* Exercise requirements *
Give again, word for word, every line below from the one that has "H 200 PERFECT CAIXA 6X1 L" through the one that has "गिट्टीरहित रेलपथ, कोच्ची मेट्रो", both included, and no others.

* Input data *
______

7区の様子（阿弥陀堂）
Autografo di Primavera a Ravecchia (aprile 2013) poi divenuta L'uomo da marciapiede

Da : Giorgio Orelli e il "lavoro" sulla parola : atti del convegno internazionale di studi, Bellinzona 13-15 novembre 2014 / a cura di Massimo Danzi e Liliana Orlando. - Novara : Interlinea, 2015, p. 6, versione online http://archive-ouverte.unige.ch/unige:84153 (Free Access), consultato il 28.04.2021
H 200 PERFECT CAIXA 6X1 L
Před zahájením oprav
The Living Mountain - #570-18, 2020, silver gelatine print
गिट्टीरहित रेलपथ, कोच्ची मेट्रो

______

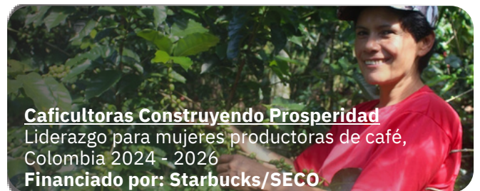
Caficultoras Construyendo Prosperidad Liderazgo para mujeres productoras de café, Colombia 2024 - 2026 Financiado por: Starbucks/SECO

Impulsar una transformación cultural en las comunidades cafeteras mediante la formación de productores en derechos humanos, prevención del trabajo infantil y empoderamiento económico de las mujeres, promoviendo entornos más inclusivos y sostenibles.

______

* Task solution *
H 200 PERFECT CAIXA 6X1 L
Před zahájením oprav
The Living Mountain - #570-18, 2020, silver gelatine print
गिट्टीरहित रेलपथ, कोच्ची मेट्रो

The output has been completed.